I believe that cybersecurity practitioners, including security companies who sell technologies proclaiming their solutions solve security problems, should take an approach that’s more empathetic to the challenges organisations face in integrating security into their development practices. Security is not uniquely a technology problem that can be solved by aligning products to a development phase, it is a humanistic system with complex relationships between technologies, processes and people. Although many security companies offer managed services in addition to their technological solutions, offered as part of a package sold to an organisation. However, in my experience, this service is usually associated with training staff on how to use the security vendor’s product, or assisting their clients with the installation and configuration of their product, or providing ongoing technical support.
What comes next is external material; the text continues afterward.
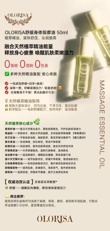 【产品名称】澳洛莉舒缓身体按摩精油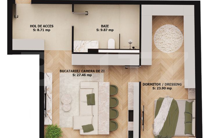 Dormitorul impresionează printr-un dressing generos tip walk-in, conceput asemenea unei galerii personale, unde funcționalitatea întâlnește estetica. Livingul primitor și bucătăria modernă completează un ambient coerent, perfect pentru un stil de viață contemporan, fără compromisuri.

However, I believe that managing the complexity of security goes further than knowing how to use or configure a security product. Other factors are at play such as prioritisation, risk management, vulnerability management, security knowledge, engineering skills, power and conflict, and so on. Indeed, managing the complex nature of cybersecurity requires a collaborative approach involving multiple stakeholders, each with their own traditions of understanding and worldviews.
The word ‘DevSecOps’ has many different meanings to different people, and in my experience, it is a term reflecting our understanding of technology. A very unscientific straw pole on the meaning of DevSecOps returns terms such as ‘cloud security’, ‘container security’, ‘application security’, ‘secure pipelines’, ‘security tooling’ etc. But for me, DevSecOps is about managing complexity. Donald Schön references the swamp, a low ground where there’s uncertainty, complexity, and messiness that needs to be navigated. It is here where DevSecOps resides rather than in the high grounds where there’s clarity, deterministic solutions to clearly defined problems. It is only through accepting that a paradigm of managing complex situations through sociotechnical methods rather than solving problems with technology that we can reverse the failings of the cyber security industry.